One Nation, of Idiots and Evil People

Maybe what divides Americans isn't what they believe, but where they are.

Shades of gray, we are not.

Photographer: Justin Sullivan/Getty Images

There's a somewhat self-congratulatory saying among conservative intellectuals to the effect that ... well, I'll just let conservative intellectual Charles Krauthammer say it:

Conservatives think liberals are stupid. Liberals think conservatives are evil.

In the 2002 opinion column from which this quote was taken, Krauthammer called this a "fundamental law," and he argued that it stemmed from the fact that liberals are naive about human nature and conservatives are realists (and thus favor policies that liberals consider unduly cruel, even evil). But when somebody repeated the saying to me last week, I was immediately reminded of a conversation I had in Alabama last fall. The pragmatic former small-town elected official I was visiting had shaken his head in contemplation of the upcoming presidential election, then called it "a contest between an idiot and an evil person."

The idiot was Donald Trump, the evil person Hillary Clinton. Which has gotten me thinking: Maybe the stupid/evil dichotomy has less to do with political philosophy than with where you are and what almost everyone around you thinks.

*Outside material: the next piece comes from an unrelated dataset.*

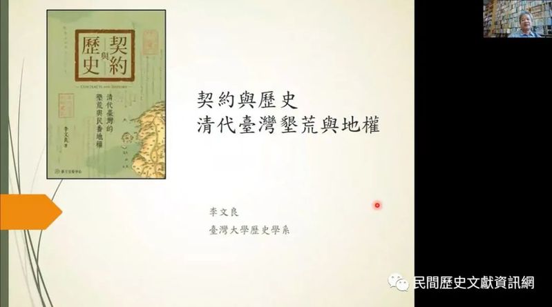 李文良教授報告題目為「契約與歷史:清代臺灣墾荒與地權」,提出目前臺灣地方歷史的結構是在日本、清朝雙重結構中產生的。其以日本殖民時代伊能嘉矩關於鹿仔草堡的書寫為例,論述目前臺灣地方歷史的記錄大多沿襲日殖時期,而其根源是日殖時期收集到的契約文獻,即清代產生的有關臺灣歷史的書寫。臺灣土地的開發經歷從東印度公司到明鄭時期再到清朝的演變過程。土地的佔有形式包括番田、軍隊占墾等,而佔有土地的關鍵在於得到官方批復的開墾執照,因此當時臺灣很多大家族都有族人充當胥吏,借此拉近和官府的關係獲取開墾執照。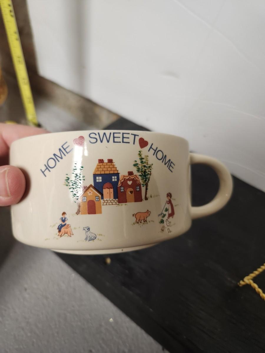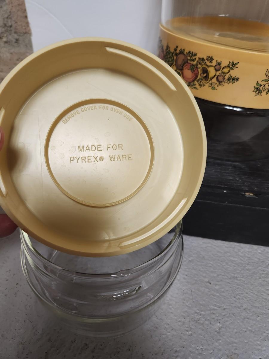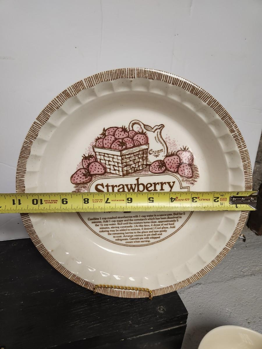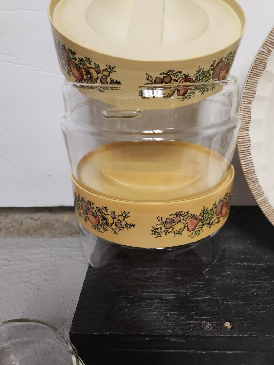 Sweet vintage lot...3 spice of life canisters (missing rubber seals), soup cup and awesome Jeanette Strawberry Pie Plate

If you're a conservative intellectual of national repute, chances are you spend most of your time in New York, Washington or on a college campus. This means you are surrounded by liberals (I'm using the term, as Krauthammer did, in the U.S. sense of left of center, not the free-minds, free-markets definition that prevails in most of the rest of the world) in your neighborhood, at dinner parties, at school events, in television green rooms and maybe even at the office. You have so many dealings with these people that, however much they may irritate you sometimes, you don't see them as evil because they so obviously aren't.

This is not because liberals are especially nice. It's just that -- while under certain circumstances, often under the pressure of group dynamics, we humans can do awful, awful things -- most of us aren't evil. (No, I don't have any data to back this one up. But it seems right. Right?) So if you're a conservative and have constant interactions with people that you know are liberal, you also know they're generally not evil. And so, because their political positions are different from yours, you find other ways to explain their clearly erroneous thinking.

Meanwhile, if you're a liberal in New York, Washington or a college campus, you're not surrounded by conservatives, and you may not know that the nice person you run into while walking the dog harbors right-wing political sentiments because people with extremely unpopular views tend to keep quiet about them unless they're in a safe space like 1211 Avenue of the Americas. 1  When you don't know any conservatives, or think you don't, it's much easier to ascribe malicious motives to them. And so Krauthammer's law generally holds, in Krauthammer's world.

I get the impression, though, that its inverse has taken hold in places where the overwhelming majority think of themselves as conservatives. Remember when Alex Jones said on his radio show last fall that Hillary Clinton "is an abject, psychopathic demon from hell that as soon as she gets into power is going to destroy the planet" and that Barack Obama is clearly a demon too because flies are always landing on him? (If you don't remember that, you may remember Obama mocking the story on the campaign trail.) Now I think most of Jones's listeners could understand that he traffics in hyperbole, and that Clinton and Obama do not actually "smell like sulfur," but the message that they are evil surely resonated. Roy Moore, the new Republican Senate nominee from Alabama, certainly doesn't hesitate to use the word to describe political beliefs he disagrees with.

When I was in College Station, Texas, last year, a Texas A&M University faculty member recounted a conversation with a local business owner from whom he had recently bought something. During an otherwise pleasant chat, she had launched into a rant about the evil, foreign, Muslim Obama. He nodded quietly, paid and left. Her belief that liberals are evil was not shaken by any hint that her nice customer harbored dissenting views, and while his belief that many conservatives are stupid or deluded may have been strengthened, he wasn't going to boycott her business for her political views because in Brazos County, Texas (2016 election result: 57.6 percent Trump, 34.4 percent Clinton), that would be impractical.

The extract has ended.